* PROVIDED INFORMATION *
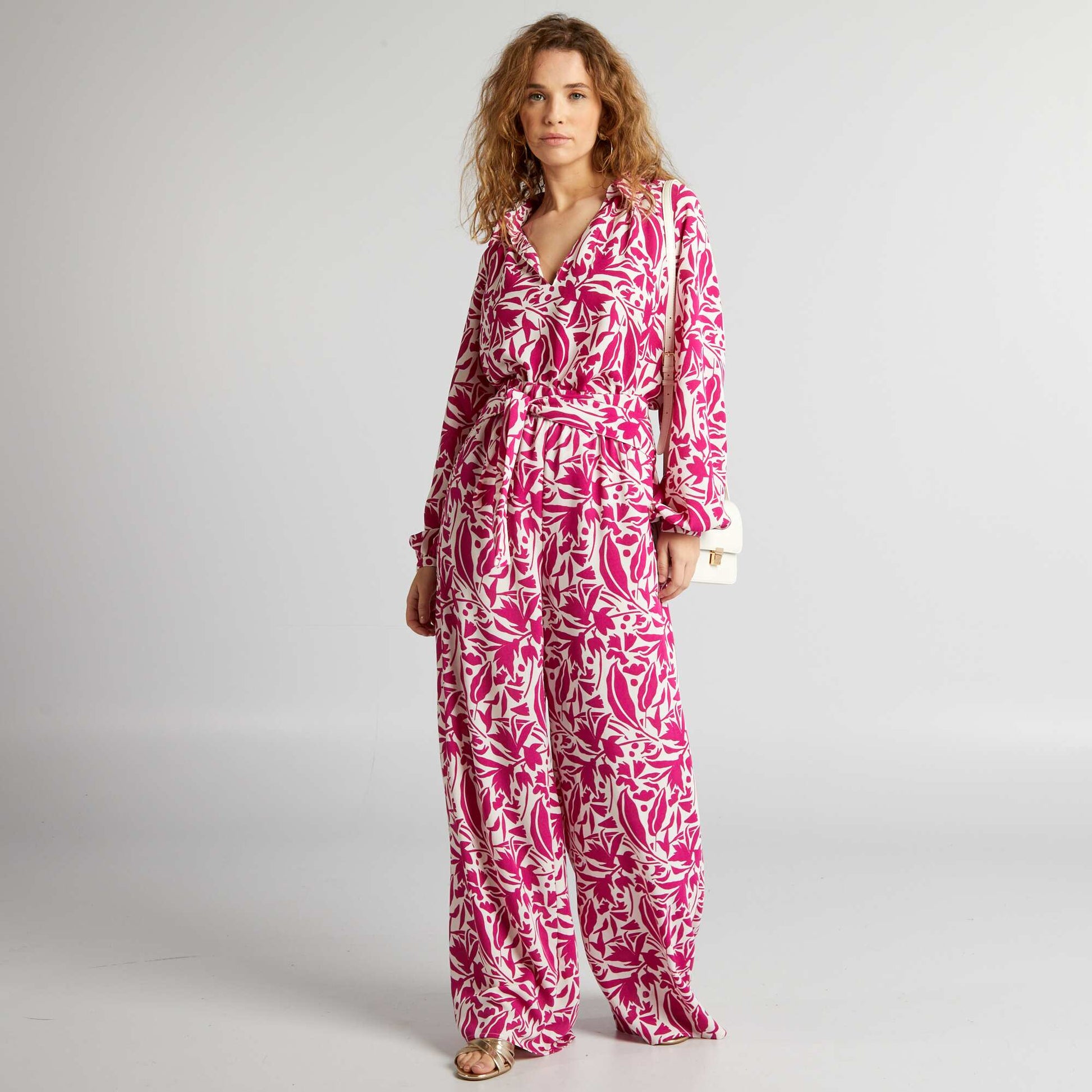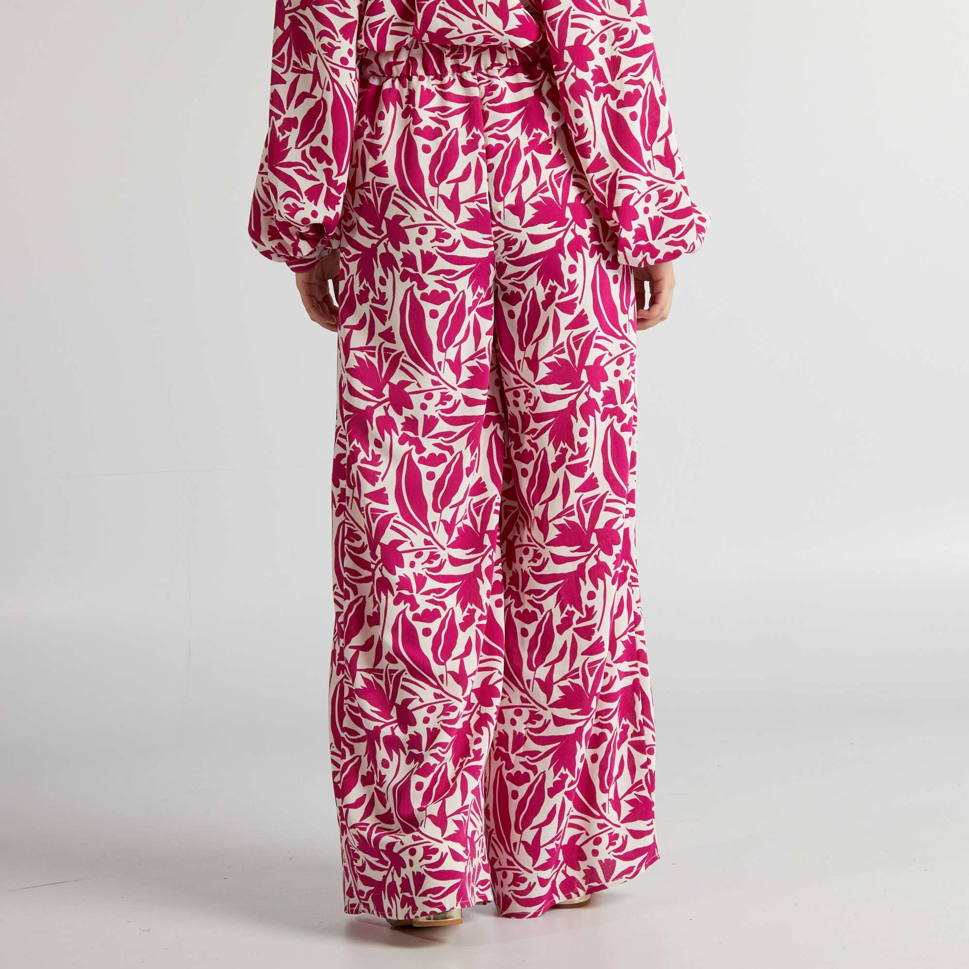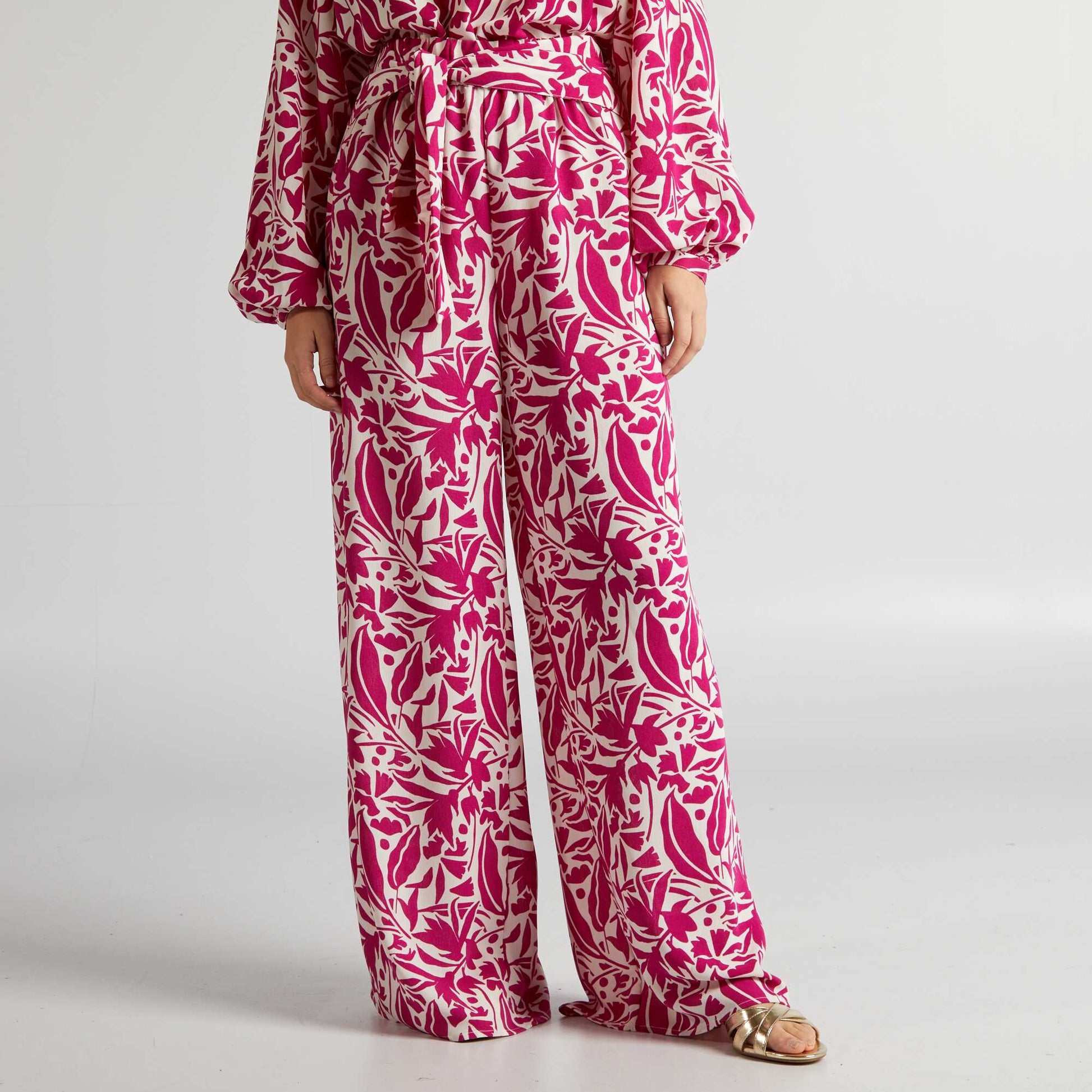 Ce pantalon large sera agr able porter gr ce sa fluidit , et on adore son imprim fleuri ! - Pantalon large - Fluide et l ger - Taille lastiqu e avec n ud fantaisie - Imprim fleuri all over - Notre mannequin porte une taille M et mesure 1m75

--

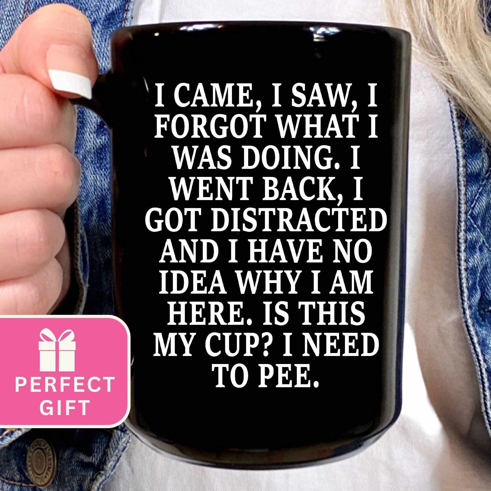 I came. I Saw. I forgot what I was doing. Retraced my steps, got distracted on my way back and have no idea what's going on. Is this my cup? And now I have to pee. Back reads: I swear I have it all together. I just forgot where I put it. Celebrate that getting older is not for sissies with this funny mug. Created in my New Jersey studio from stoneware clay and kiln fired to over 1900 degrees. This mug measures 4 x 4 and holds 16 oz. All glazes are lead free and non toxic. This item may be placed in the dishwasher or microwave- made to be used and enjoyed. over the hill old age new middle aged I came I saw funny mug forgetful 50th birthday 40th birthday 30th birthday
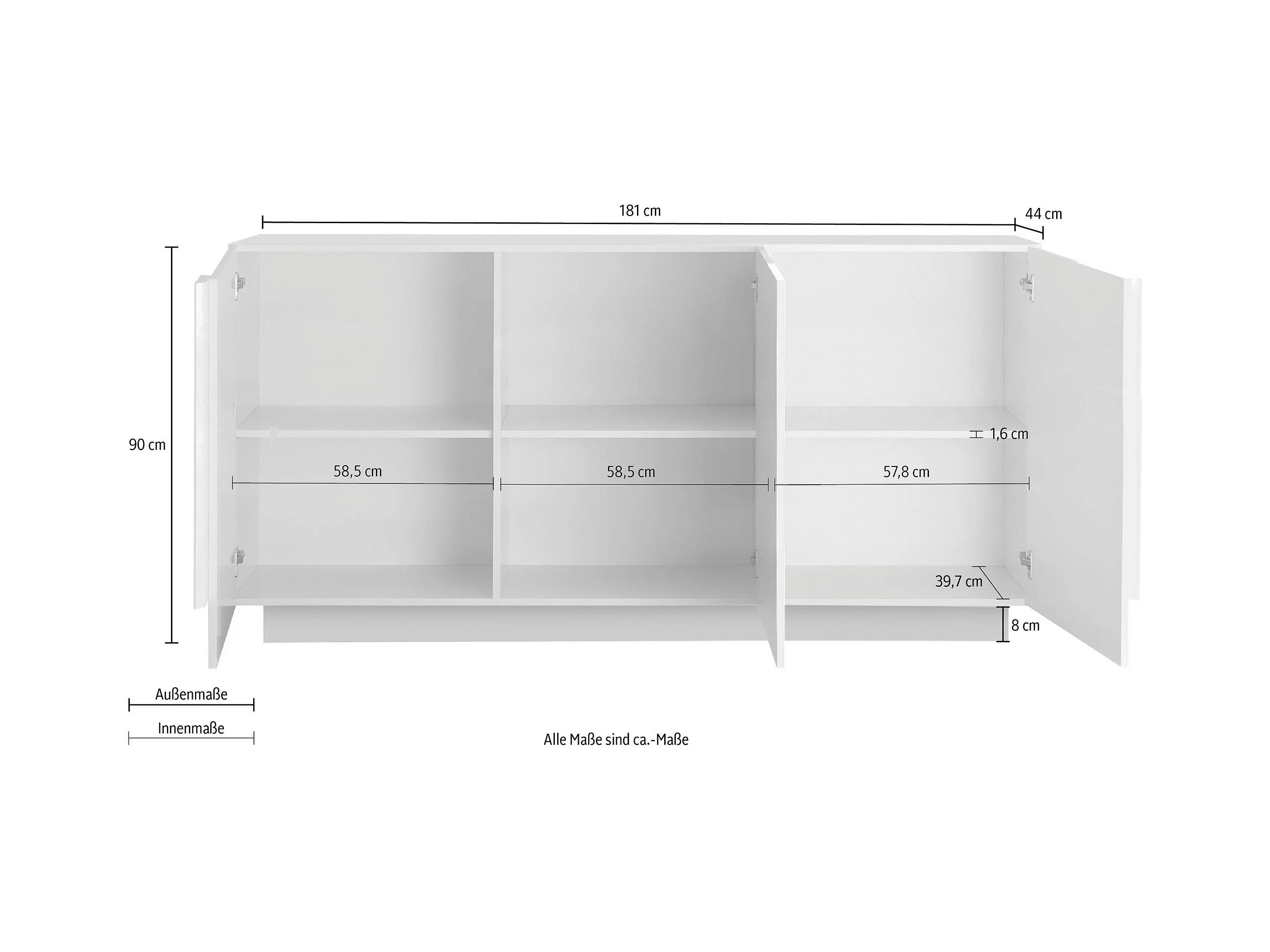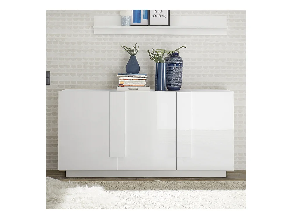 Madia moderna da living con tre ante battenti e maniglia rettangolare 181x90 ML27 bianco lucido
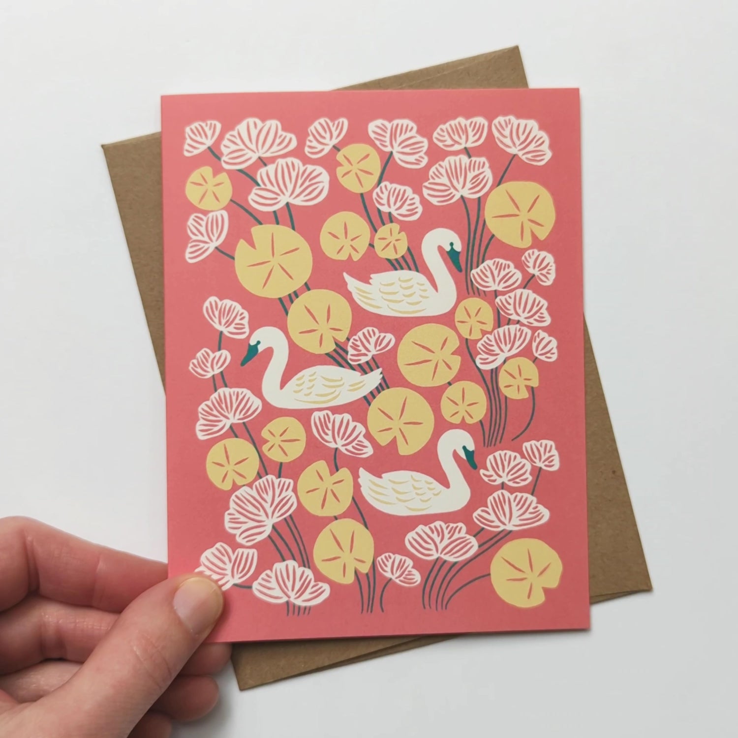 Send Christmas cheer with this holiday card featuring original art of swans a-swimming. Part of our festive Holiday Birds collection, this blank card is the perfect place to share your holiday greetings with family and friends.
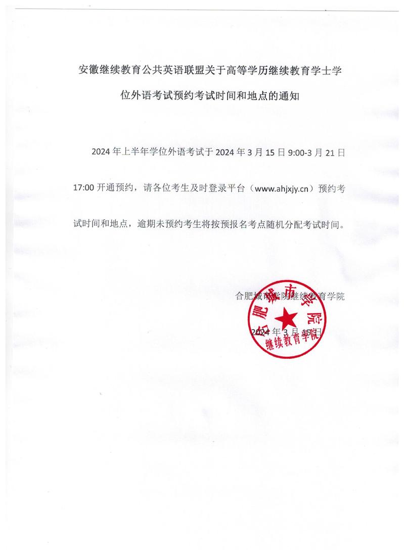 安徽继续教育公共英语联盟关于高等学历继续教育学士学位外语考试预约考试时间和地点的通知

...

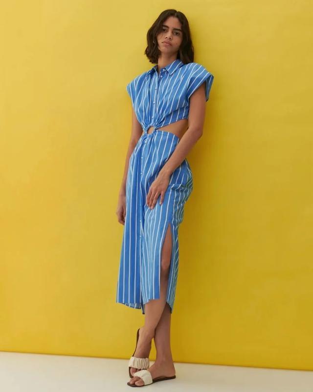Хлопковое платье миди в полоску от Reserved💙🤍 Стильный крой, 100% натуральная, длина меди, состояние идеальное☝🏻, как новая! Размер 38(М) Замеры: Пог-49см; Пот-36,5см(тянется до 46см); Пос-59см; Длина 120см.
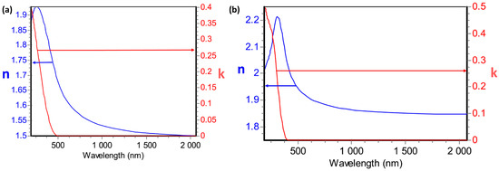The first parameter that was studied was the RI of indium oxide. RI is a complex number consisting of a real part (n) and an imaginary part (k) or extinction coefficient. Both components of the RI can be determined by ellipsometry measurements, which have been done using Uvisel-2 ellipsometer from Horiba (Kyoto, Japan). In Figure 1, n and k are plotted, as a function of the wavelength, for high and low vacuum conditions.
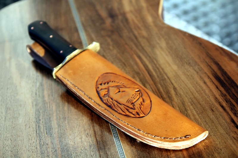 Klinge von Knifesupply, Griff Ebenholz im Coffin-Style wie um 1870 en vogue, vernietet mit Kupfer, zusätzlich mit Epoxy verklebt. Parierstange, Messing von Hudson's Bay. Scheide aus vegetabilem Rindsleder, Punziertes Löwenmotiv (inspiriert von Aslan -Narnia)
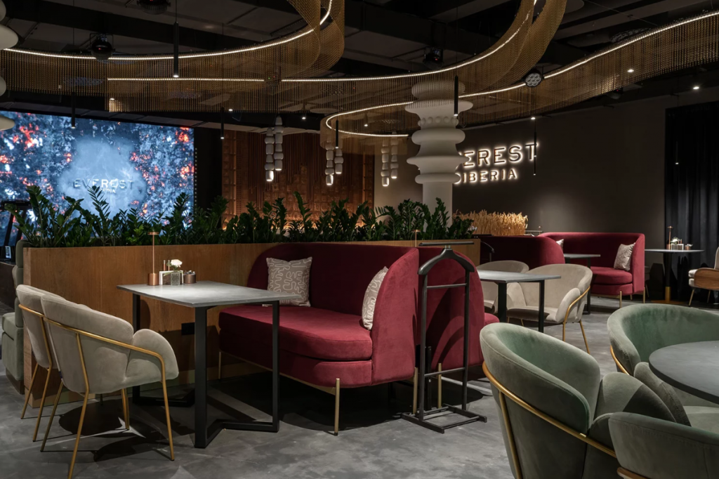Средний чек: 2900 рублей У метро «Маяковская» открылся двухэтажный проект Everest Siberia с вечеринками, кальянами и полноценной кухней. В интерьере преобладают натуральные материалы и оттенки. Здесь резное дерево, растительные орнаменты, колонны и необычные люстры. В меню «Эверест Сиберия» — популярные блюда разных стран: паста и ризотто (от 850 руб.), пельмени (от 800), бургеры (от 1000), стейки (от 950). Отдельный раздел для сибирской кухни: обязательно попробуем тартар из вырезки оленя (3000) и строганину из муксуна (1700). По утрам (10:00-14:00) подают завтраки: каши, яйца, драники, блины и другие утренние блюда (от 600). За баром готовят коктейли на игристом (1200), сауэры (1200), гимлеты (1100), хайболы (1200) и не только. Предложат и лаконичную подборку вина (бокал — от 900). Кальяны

* ASSIGNMENT *
Repeat exactly the lines above, from the line that contains "Madia moderna da" down through the line that contains "安徽继续教育公共英语联盟关于". Include both of those lines and none of the pictures.

* ANSWER TO THE EXERCISE *
 Madia moderna da living con tre ante battenti e maniglia rettangolare 181x90 ML27 bianco lucido
 Send Christmas cheer with this holiday card featuring original art of swans a-swimming. Part of our festive Holiday Birds collection, this blank card is the perfect place to share your holiday greetings with family and friends.
 安徽继续教育公共英语联盟关于高等学历继续教育学士学位外语考试预约考试时间和地点的通知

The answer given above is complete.